The reappearance of Gene (Henry Winkler), the reason for Sally’s “Barry!”-inducing Google alert, is another indication that nothing stays gone forever on “Barry.” The drive to control the narrative, the main Cousineau engine for multiple seasons, is enough to bring him out of hiding to make sure any dramatization of his story is on his terms. Gene’s new long hair and beard is just part of the “passage of time” markers in this Warner Bros. section, including the indication that Kristen, Sally’s one-time acting student, is now leading a spinoff franchise of her own. (Wonder if Sally watched any of those on her laptop by herself, too.) And then there’s the innocuous Larry the Chowder Boy: It’s great that even with his triplicate duties as co-star, director, and writer on this episode that Hader still gets the chance to try on a new voice, this time as the announcer on the two virtual billboards at the Warner Bros. lot.
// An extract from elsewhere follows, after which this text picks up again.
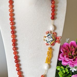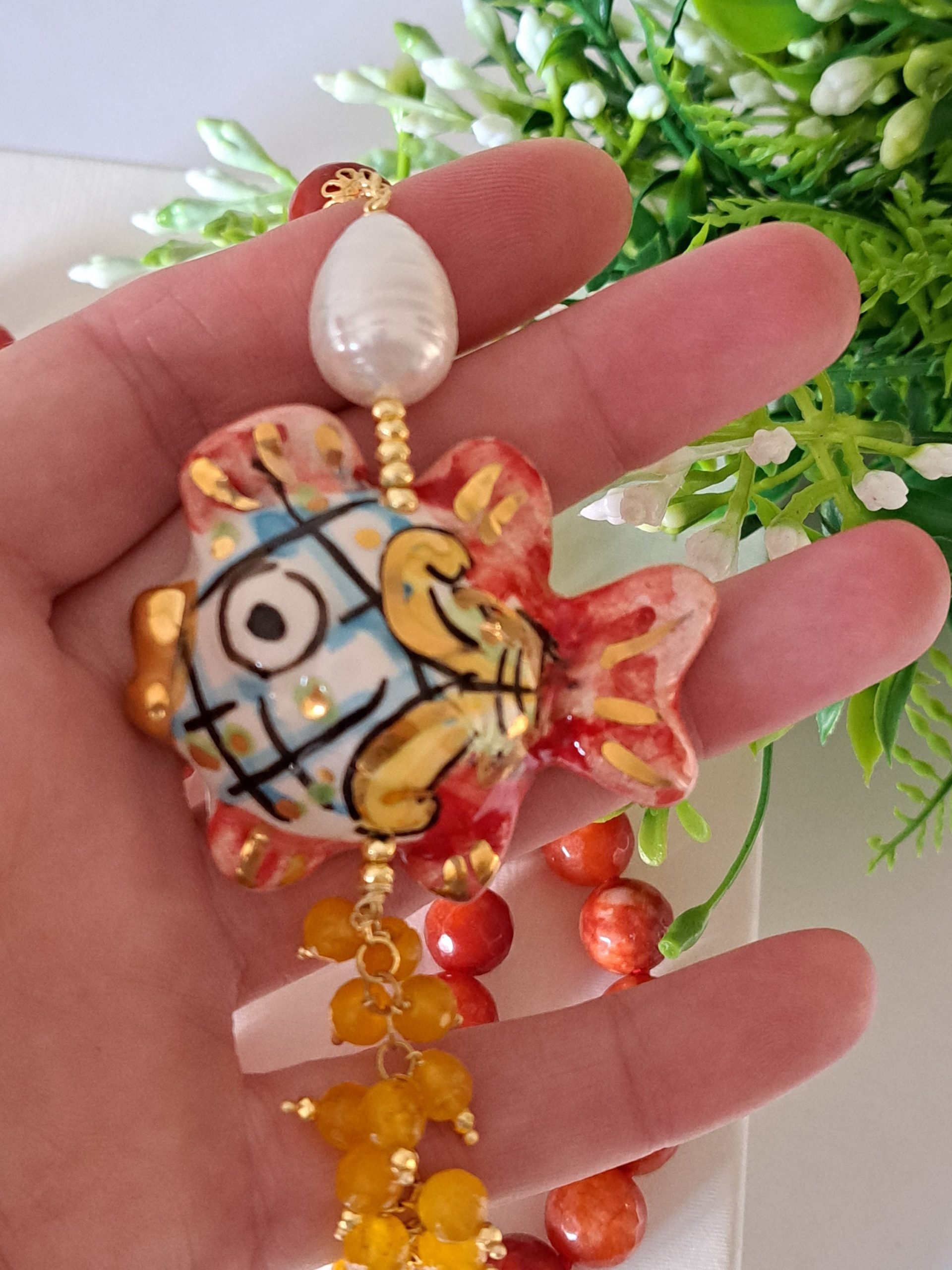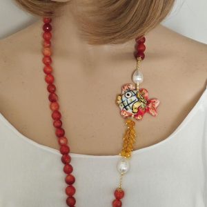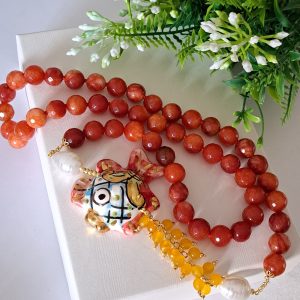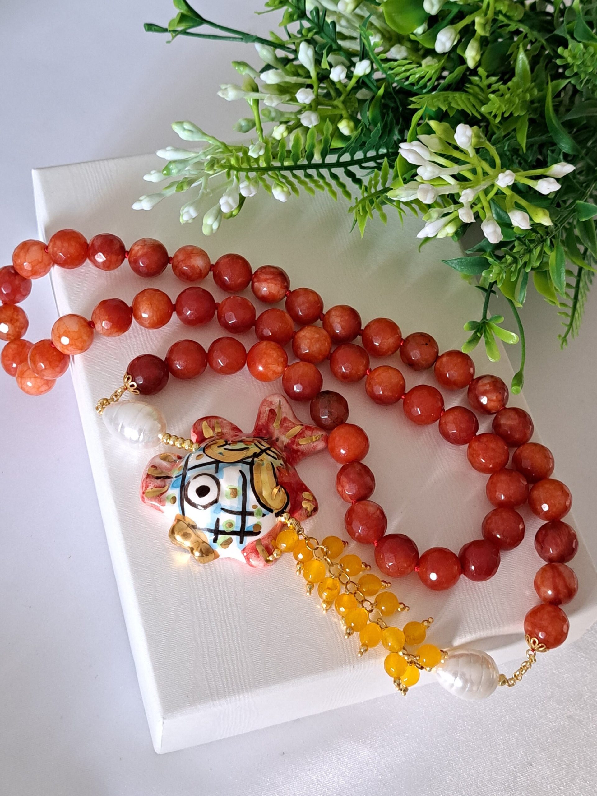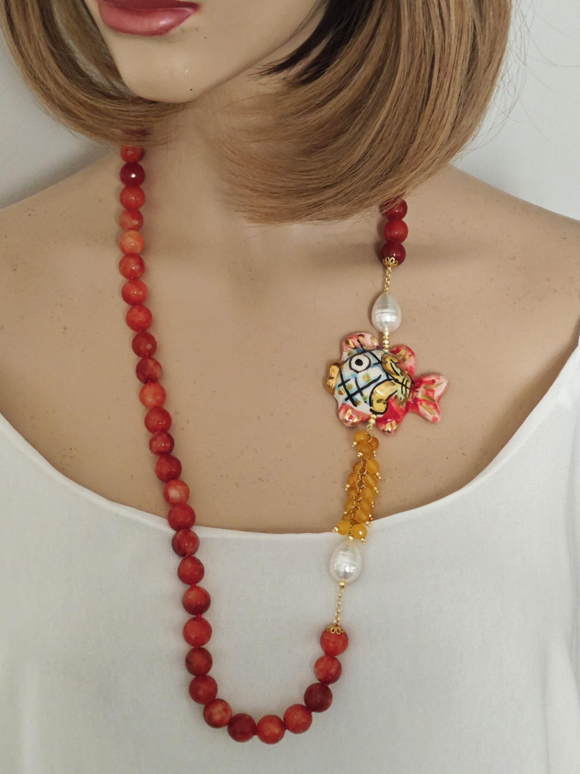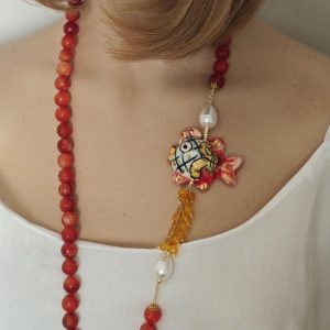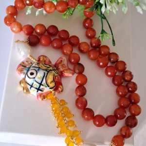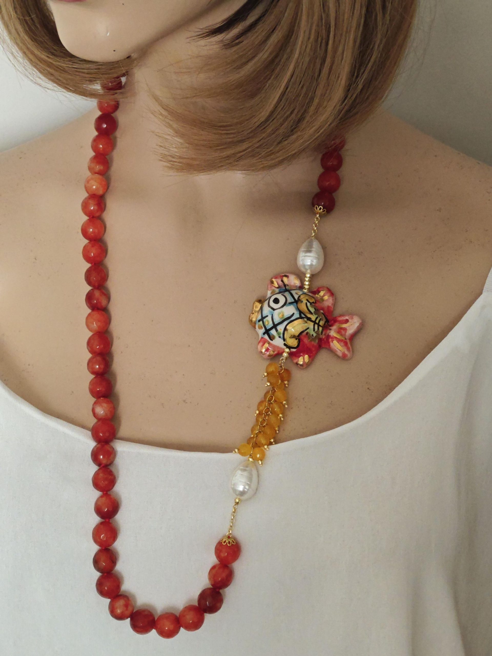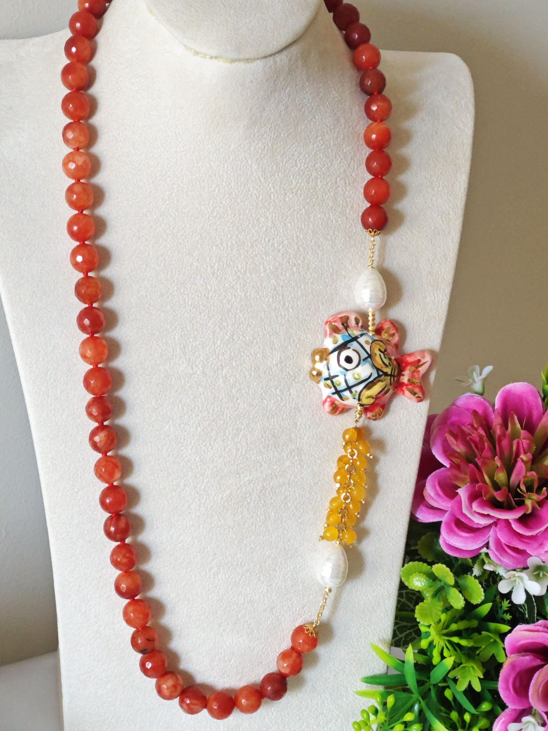 Collana annodata a mano con pietre dure sfaccettate agata arancione 12 mm ,grappolo pietre agata gialla e 2 perle bianche barocche madreperlate imitazione, e con pesciolino in ceramica di Caltagirone realizzata e dipinta a mano con applicazioni foglia oro 22 kt, 5×4 cm dimensioni, corallo rosso mediterraneo e perle naturali bianche.

“Barry” gets so much out of hard cuts. Hopping between characters and slicing off conversations is part of what gives the show its comic edge. “Tricky Legacies” swaps out those harsh transitions for gentler dissolves. In a way, it’s another blurring of past and present, of phasing things out rather than lopping them off definitively. It also mirrors what Barry himself is trying to do with Abraham Lincoln and baseball throughout this episode, muddying the waters so that cut-and-dried American iconography get a darker side, too. If the thing that people exalt is secretly bad, then one individual’s badness doesn’t stick out so much. If everyone has a tricky legacy, what need is there to have any regrets? Down to the final line — “I’m gonna have to kill Cousineau” — it’s a revolving door that never stops spinning, try as Barry and Sally might to wedge another reality in its path.
“Barry” Season 4 airs Sundays at 10 p.m. ET on HBO and HBO Max.